Justo en los lindes de la floresta se encontraron con Uri, que los estaba esperando.

—¿Qué haces aquí? —inquirió Viana, un tanto desconcertada, temiendo que el joven quisiera compañarlos.

—Yo… digo adiós —respondió Uri, moviendo una mano en señal de despedida.

—Entiendo —asintió ella, emocionada por su gesto.

—Mi señora, no tenemos mucho tiempo —protestó Airic.

—Será solo un momento.

Se acercó a Uri y, tragando saliva, le apartó el pelo de la cara con una caricia.

—No te preocupes por mí, Uri. Volveré, te lo prometo. Pórtate bien y cuida de todos, ¿vale?

—Tú… vuelves. Y enseñas. Yo hablo mejor. Y puedo hablarte a ti.

—¿Quieres hablarme? ¿Qué quieres contarme?

—Mucho —dijo él con fervor, y Viana entendió que se sentía frustrado y limitado por su escaso conocimiento del lenguaje.

El corazón le latió un poco más deprisa. ¿Quería decir aquello que Uri estaba empezando a recordar retazos de su pasado perdido? Acarició la idea de retrasar su viaje, pero comprendió que no podía dejar pasar la oportunidad de marcharse ahora que lo tenía todo dispuesto.

—Claro que sí, Uri —le dijo—. Volveré y seguiremos practicando, y me contarás muchas cosas.

—Después —prosigió él—, vamos a la casa de mucha gente.

Viana no tenía tiempo de discutir con él ni de decirle de que, con su aspecto, lo más probable es que jamás pudiera salir del bosque.

—Claro, Uri. Cuando vuelva.

—Tú vuelves —repitió él, y la abrazó con fuerza.

Viana hundió la cabeza en su hombro, ante la mirada desaprobadora de Airic, y permitió que él la estrechara un breve instante.

—Yo vuelvo —le prometió.

Después, ambos se separaron —sus manos quedaron prendidas un momento antes de desligarse por completo— y la muchacha dio la espalda al bosque, y al muchacho que había encontrado en él, para dirigirse al hogar familiar, sin estar segura de si iba a poder cumplir su promesa.

Capítulo X

Que trata de puercos, joyas y viejas amistades.

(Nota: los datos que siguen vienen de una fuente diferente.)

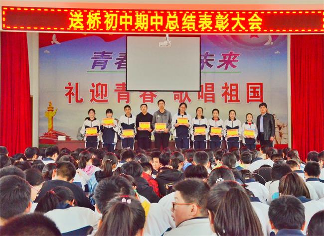 孟夏之日,天地始交,万物并秀。为了表彰先进、树立典型,激励广大学生努力学习,奋发向上,立志成才。5月7日,送桥初中全体师生齐聚学校会堂,举行了期中表彰总结大会。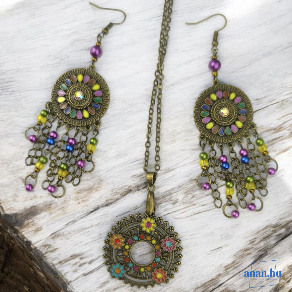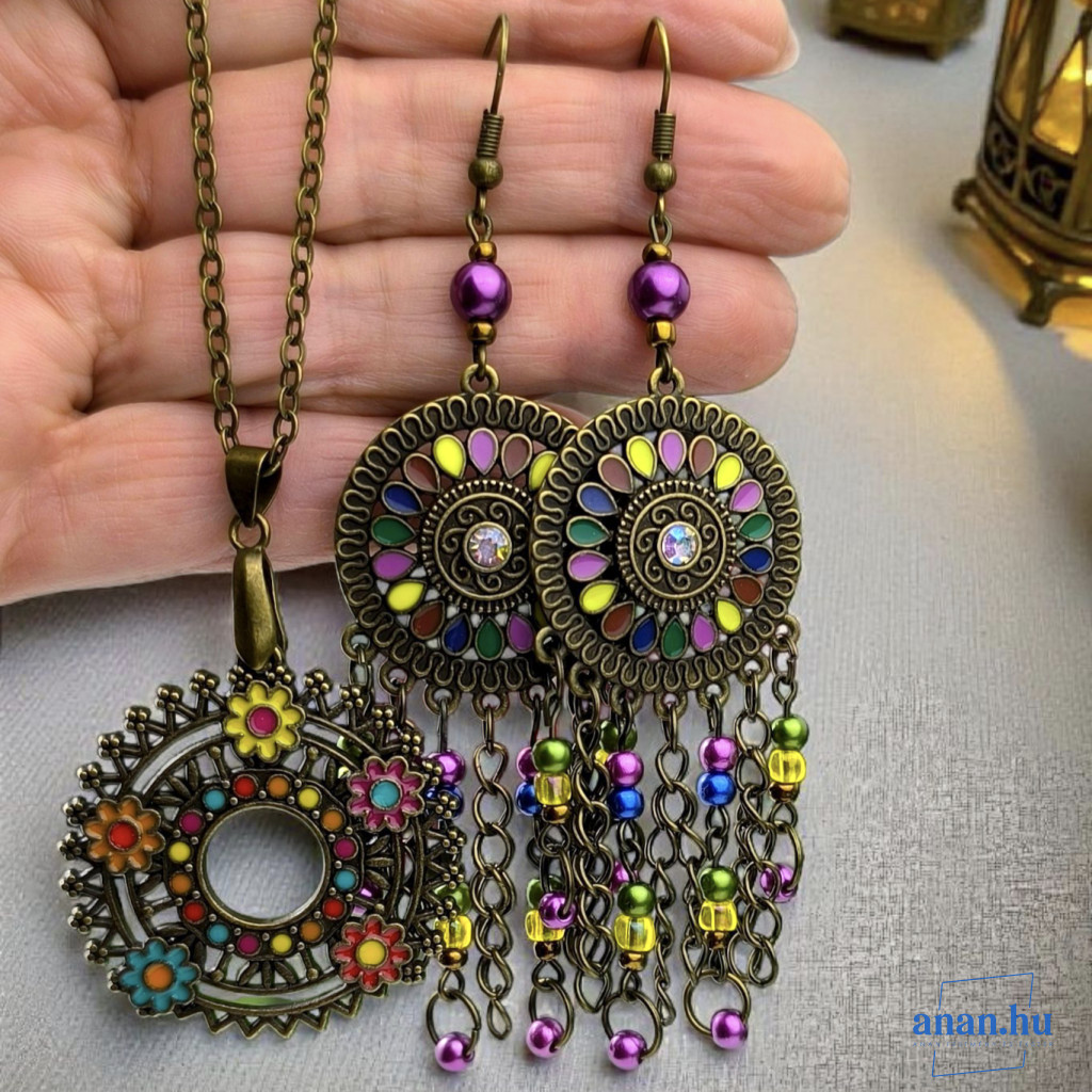 Keleti hangulatú, hangsúlyos fülbevaló hozzá illő medállal.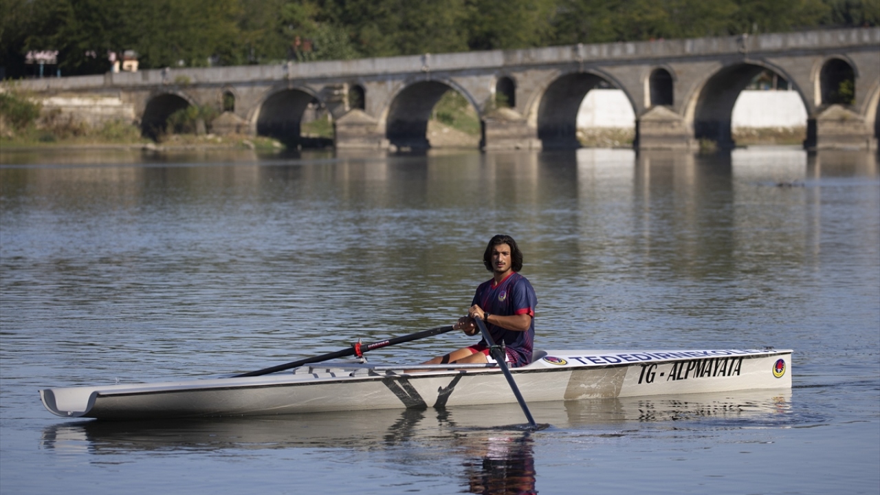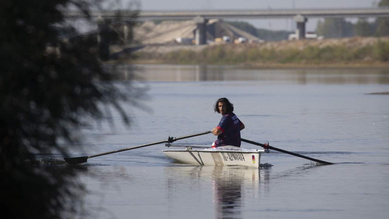 Edirne'nin ilk kürek sporcuları Meriç Nehri'nde antrenman yaptı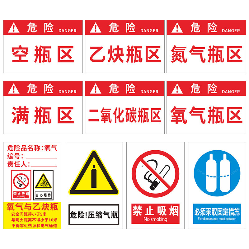 气瓶存放危险品警示牌标识牌空瓶区满瓶区氧气瓶乙炔瓶区氮气瓶区二氧化碳瓶区氧气瓶区提示牌告示牌标牌定制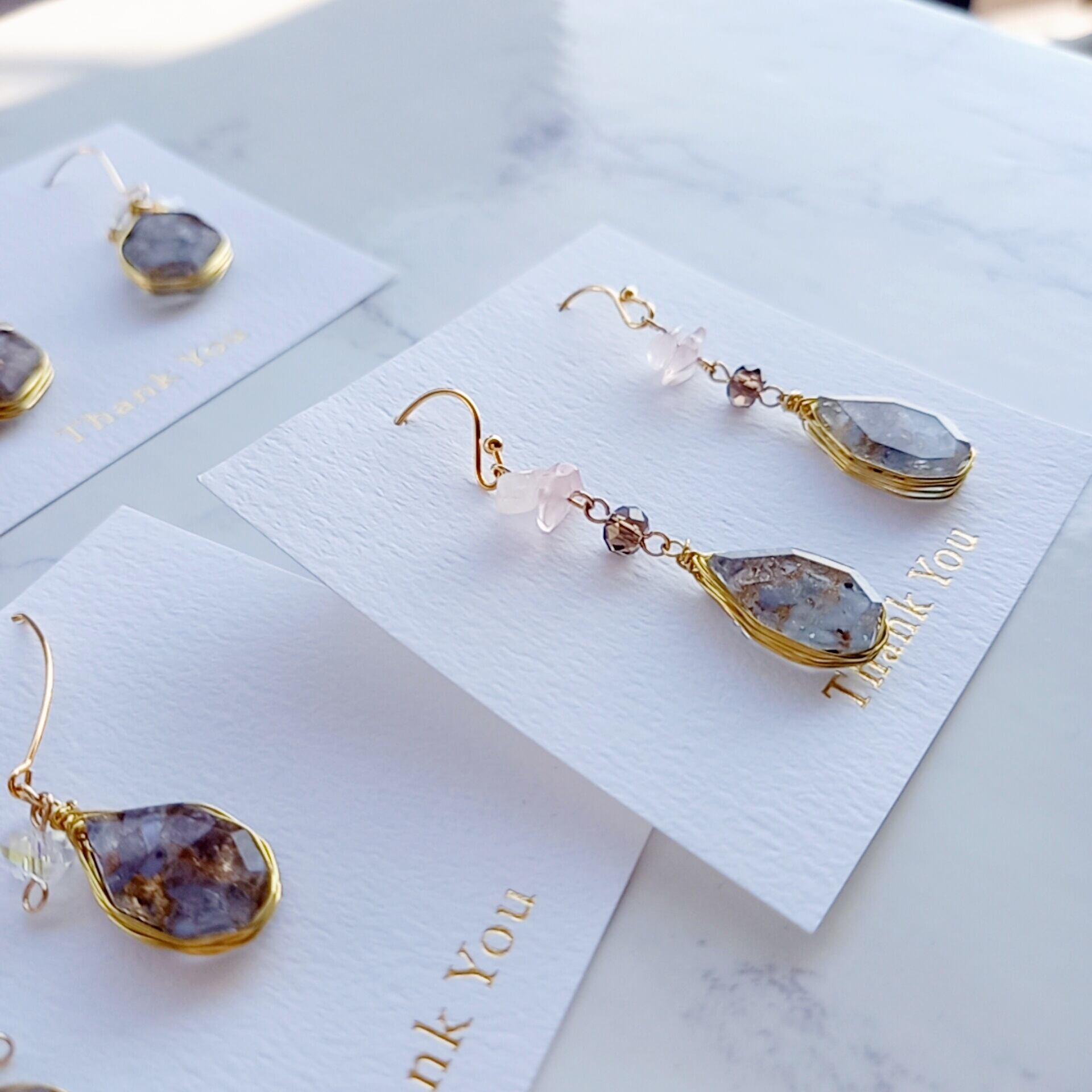 光に反射すると美しく輝くラフスライスカットをゴールドのワイヤーで縁取りしています。

Así, Airic y Viana, regresaron a la civilización, aunque viajaban con cautela, procurando no dejarse ver demasiado; después de todo, Viana seguía siendo una proscrita. Pero aun así podía hacerse pasar por un muchacho cualquiera y viajar libremente por los caminos, incluso saludar a los campesinos que pasaban en sus carromatos. Iba siempre con la capucha calada hasta los ojos, y tuvo la suerte de que el tiempo no fuese del todo favorable, con nubes y ligeras lloviznas, puesto que habría parecido extraño verla cubierta bajo un sol radiante.

Pese a todo ello, Viana añoraba a Uri y a sus amigos del bosque, incluido Lobo. Sí, era estupendo poder cabalgar bajo el cielo abierto, pero a veces también echaba de menos la protección y la seguridad que le daba el laberinto de árboles en el que había aprendido a vivir.

El viaje se desarrolló sin demasiados incidentes. En una ocasión tuvieron que ocultarse en un pajar para que no los descubriera una patrulla de bárbaros, y en otra optaron por bordear una población importante para evitar que alguien pudiera reconocer a la joven que había desafiado al gran rey Harak. Viana sabía que mucha gente la apoyaba en secreto, pero también había otros que no dudarían en venderla a los bárbaros a cambio de la suculenta recompensa que ofrecían por su cabeza.

Por fin, una tarde, llegaron hasta las inmediaciones de Rocagrís. Descabalgaron en un bosquecillo de abedules y se asomaron a un recodo del camino desde el que se vislumbraba su destino.

Viana parpadeó para contener las lágrimas. Había abandonado aquel lugar año y medio atrás. Se le antojaba una eternidad y, sin embargo, parecía que nada había cambiado. Si acaso, la hiedra de los muros había crecido y nadie se había ocupado de arreglar los desperfectos que se apreciaban en el tejado del torreón, probablemente causados por las nieves del invierno. La muchacha suspiró.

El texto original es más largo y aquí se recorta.